Titled Lead Your Team To Win: The Power of Collaborative Leadership, the event is a continuation and expansion of a conversation she started in 2017 with corporate leaders about maximising the potential of their staff and about leadership in a Caribbean context more generally.

This year, she shines the spotlight on collaborative leadership which she defines as the way in which leaders invite and support their team members “to bring their creativity and intelligence so that collectively they can improve efficiency, productivity, and achieve the strategic objectives of their companies.”

Maxine Attong

Born in Guayaguayare, Attong began her career as an accountant more than two decades ago and has held managerial positions in several regional and international organisations in the insurance and energy sectors. She is a certified professional facilitator, coach and expert in organisational development.

Attong has run a private consulting practice since 2000. She says over the years she observed with concern how people were “losing their intelligence” in the workplace.

“I’ve seen women dumbing down, which is a pet peeve … and I’ve seen it with men as well where they debate less, where they begin as adults to shrug when situations come up,” she explains. “People who at home [can] make decisions and manage budgets, when they come through the door in the office become almost like drones.”

One barrier to creativity in the workplace, Attong feels, is the belief that it is only for artists or artisans. But, she points out, “There’s a lot of room for creativity in how we present projects, how we treat with customers, how we develop our processes in a way that they’re efficient.”

She continues: “One of the quotes I like is, ‘Creativity is intelligence having fun,’ but we don’t often think of it like that.” It’s not about drawing or colouring, she adds, but “how we do work that maintains the fun and humanity in work.”

The solution Attong proffers for these challenges is the use of a “safe space”, a powerful tool in the kit of a collaborative leader and something she explores at length in her 2014 book Lead Your Team To Win.

Safe spaces originally grew out of sensitivity training for corporate managers devised in the 1940s by American psychologist Kurt Lewin.
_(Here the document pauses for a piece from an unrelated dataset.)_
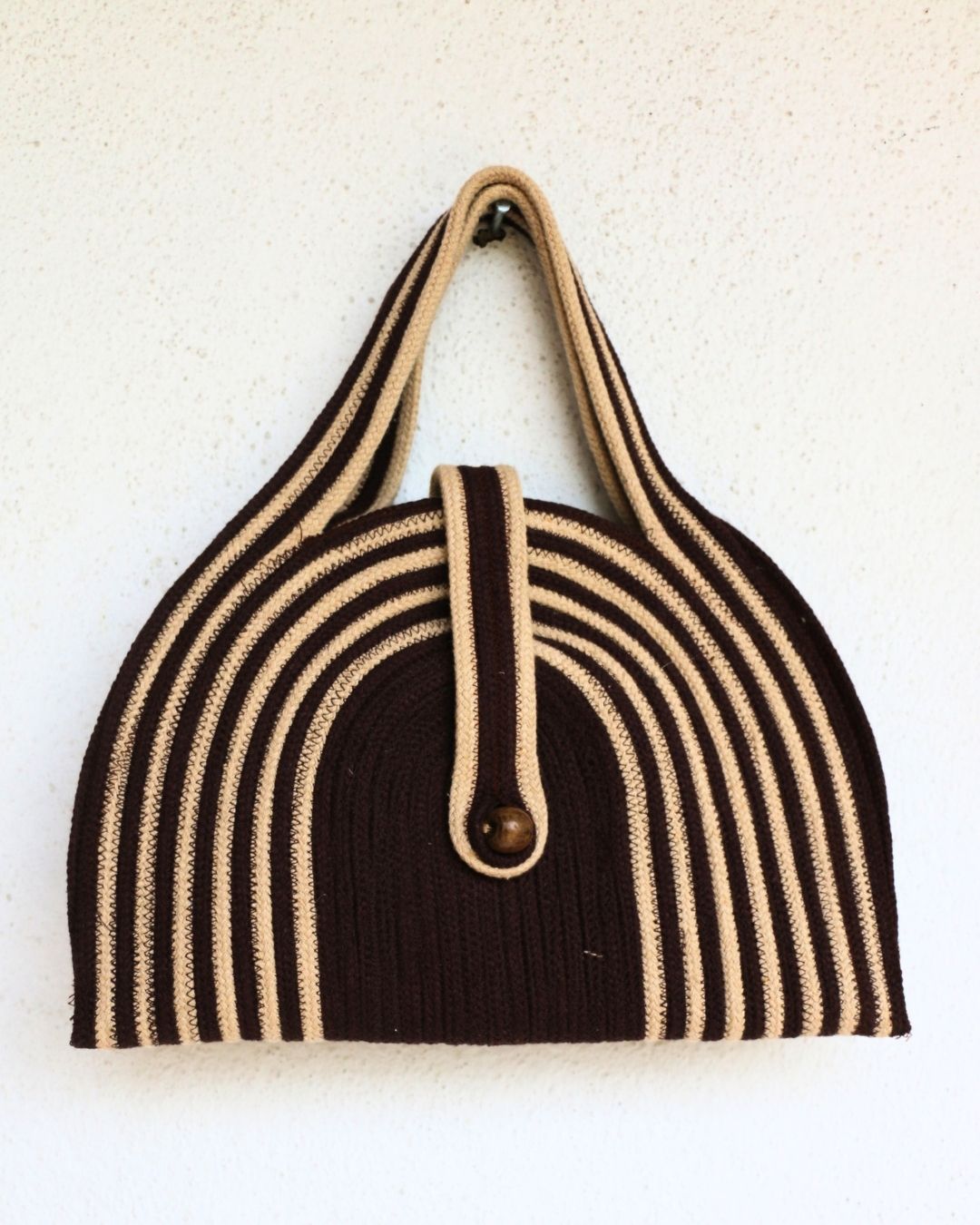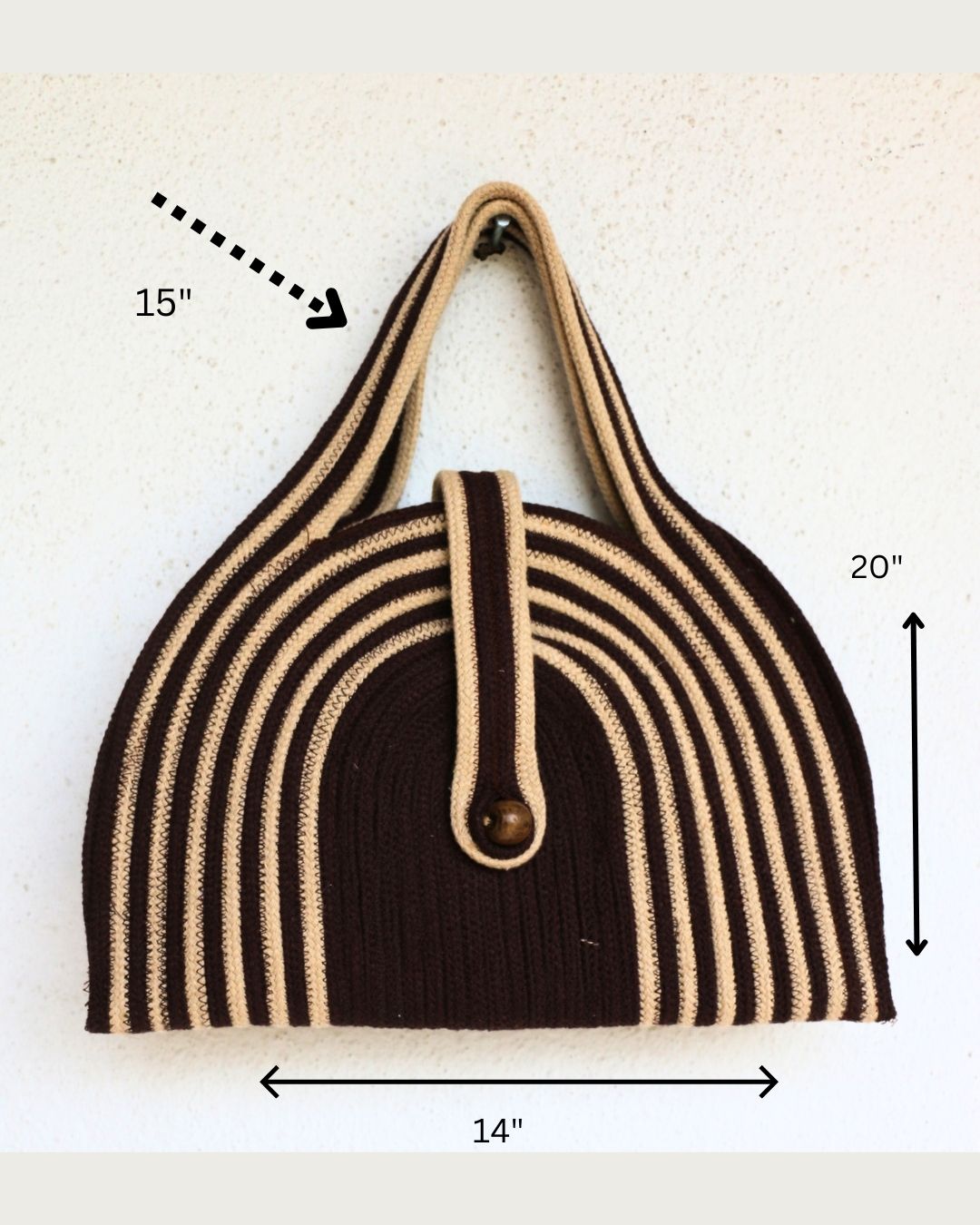 Elegant black cord tote clutch with beige accents, featuring a chic wooden button closure. Stylish, durable, and perfect for any occasion.

Lewin delivered the course in a group setting and participants were able to give honest feedback and challenge others without being judged thereby making the environment “psychologically safe”.

As Lewin’s concept gained in popularity, it was adopted by feminist and gay liberation groups in the 1960s and in more recent years has been mired in controversy, for its use in universities across the US.

Attong used the safe space approach during her tenure as assistant vice president of corporate planning and implementation at Guardian General Insurance from 2012-2015.

A self-confessed recovering workaholic, she did a lot of introspection and made a deliberate decision to “co-create and co-vision” with her team members.

“It was not utopia,” she says, explaining she had to be vulnerable and supportive for her staff to mirror that.

Her team members also hit back at her because they thought she was abdicating her leadership role.

She states: “If I say to you bring your creativity and intelligence to the office, it means then as a leader I am not delegating, I’m no longer telling you what to do. I’m telling you, ‘You tell me what you think we could do and we will work together to make it happen.’ So, there was an immediate push back with that.”

Attong’s team members began to accept the new culture only when they saw that she championed their ideas and their projects became successful.

Today she is convinced it was one of the best moments of her managerial career.

“I’m very proud I made that decision and stuck with it because it made a difference for how I had to show up as a leader and it made a difference for the lives of the people who worked with me,” she shares.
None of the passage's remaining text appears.